*Problem*. When you write out the listing, keep each word exactly as it stands but include none of its images.

*Given material*.
Content starts

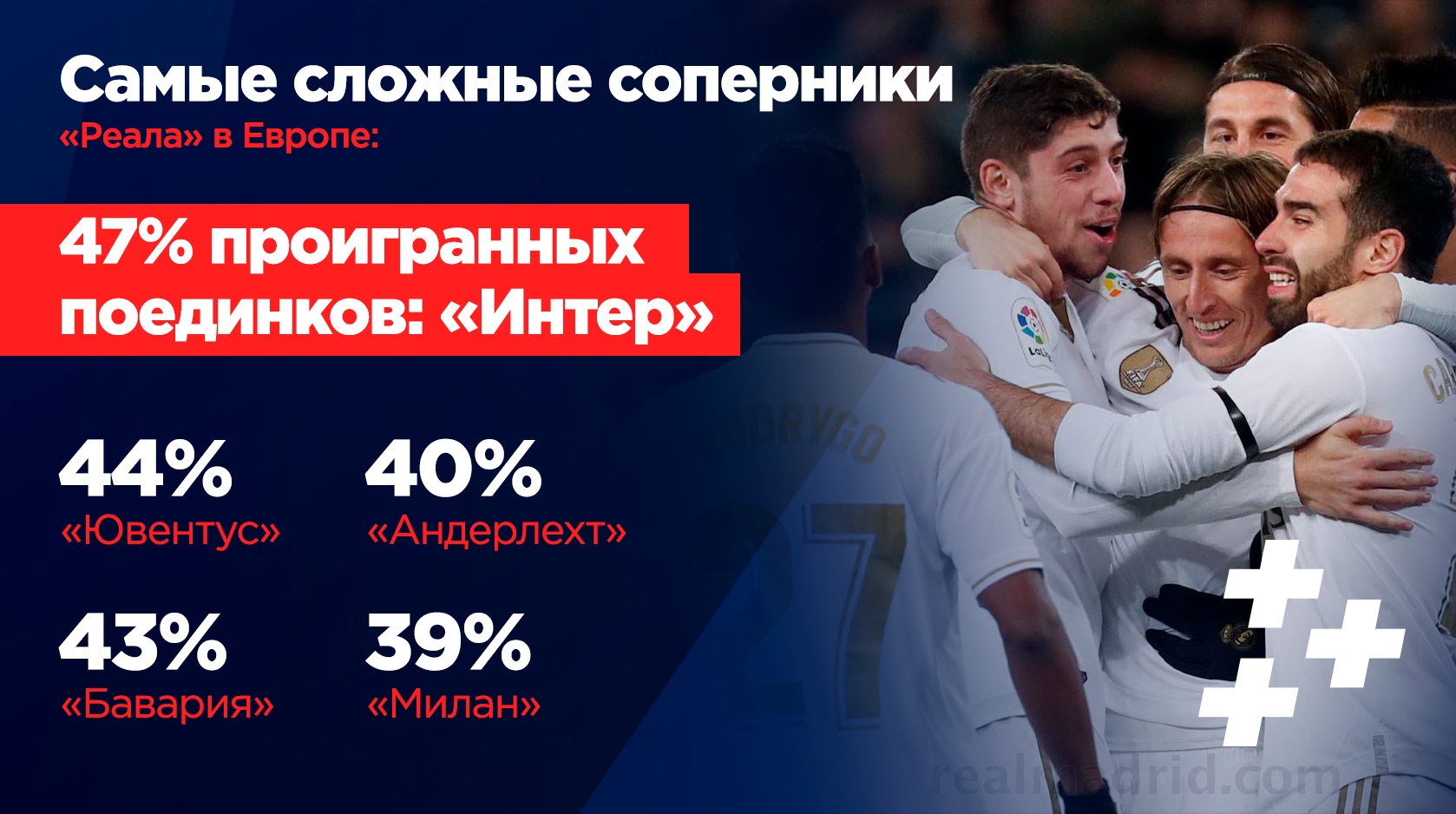 Есть ли у "Мадрида" соперник, с которым присутствует отрицательная разница выигранных и проигранных поединков в Европе? Да. Это "Челси" (67% проигранных матчей) и "Абердин" (100% проигранных матчей), но с ними клуб из столицы Испании не провел 10 необходимых для нашей выборки поединков.
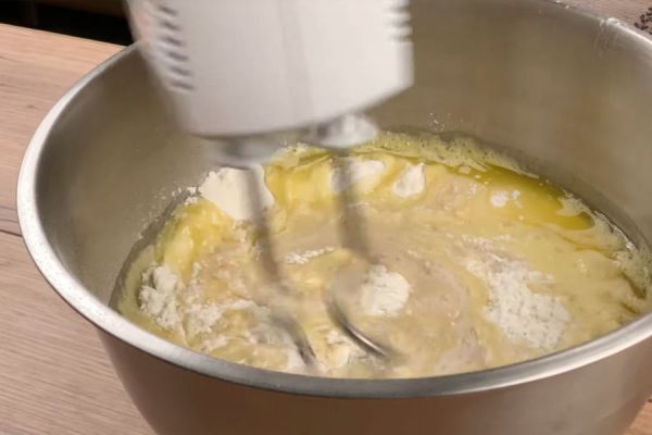 В большую миску просейте 500 г муки, добавьте сахар, ванильный сахар, молоко, растопленное сливочное масло, взбитые яйца и подошедшую опару. Все перемешайте миксером около 10 минут.
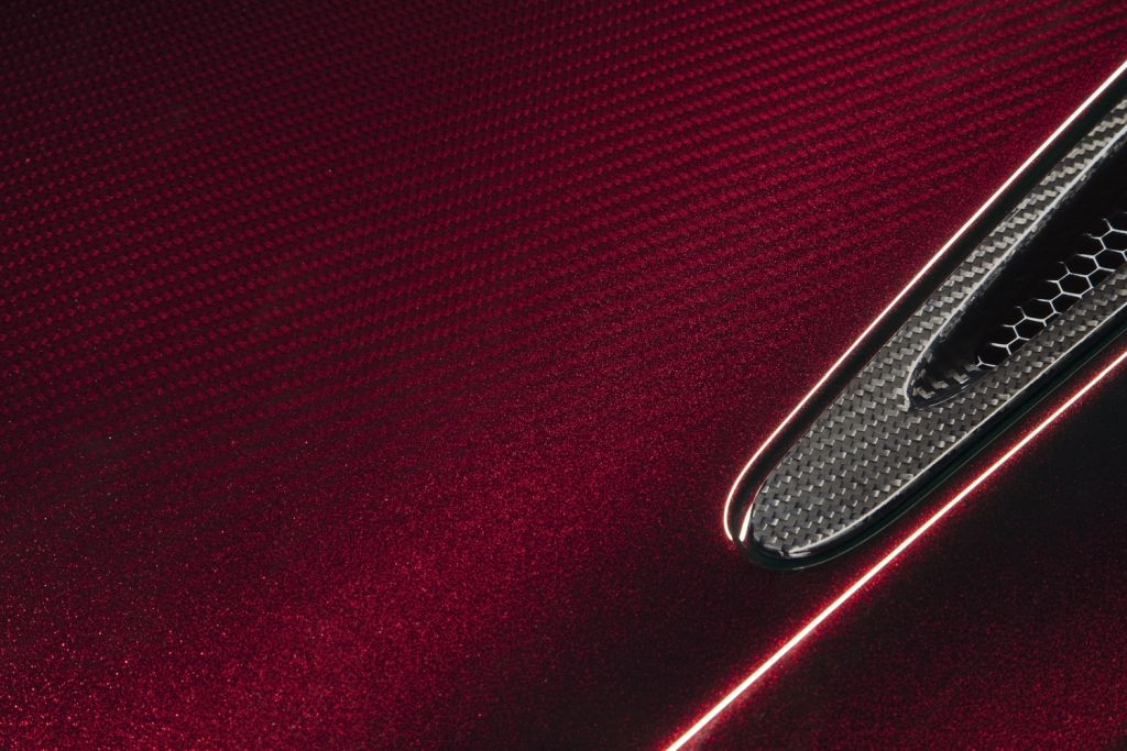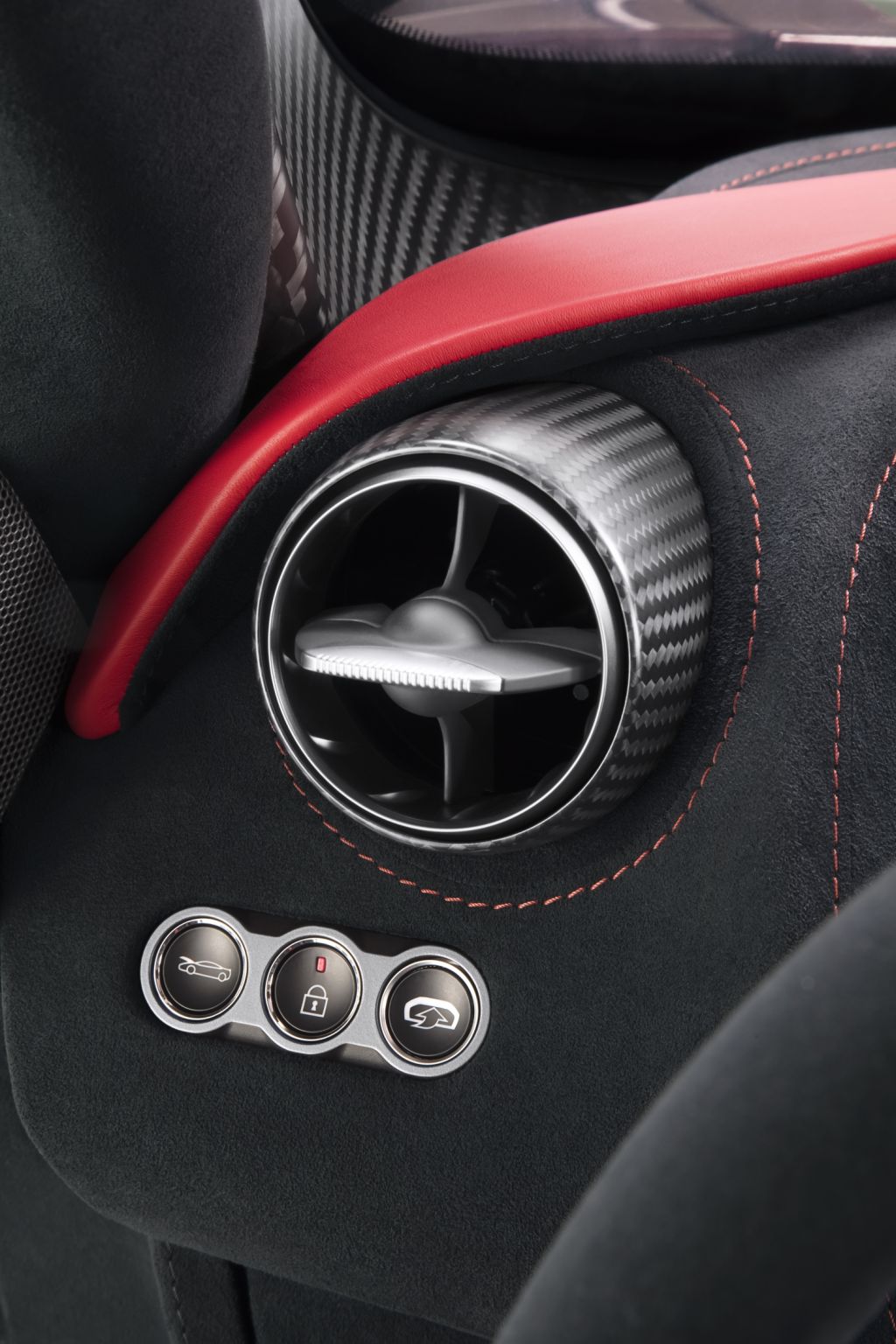 - Full Carbon Black Alcantara® Facia with Harissa Red Leather IP Topper Centre and IP Topper Driver Side (Harissa Red contrast stitch on all stitch lines)

Content ends

*Answer box*.
 Есть ли у "Мадрида" соперник, с которым присутствует отрицательная разница выигранных и проигранных поединков в Европе? Да. Это "Челси" (67% проигранных матчей) и "Абердин" (100% проигранных матчей), но с ними клуб из столицы Испании не провел 10 необходимых для нашей выборки поединков.
 В большую миску просейте 500 г муки, добавьте сахар, ванильный сахар, молоко, растопленное сливочное масло, взбитые яйца и подошедшую опару. Все перемешайте миксером около 10 минут.
 - Full Carbon Black Alcantara® Facia with Harissa Red Leather IP Topper Centre and IP Topper Driver Side (Harissa Red contrast stitch on all stitch lines)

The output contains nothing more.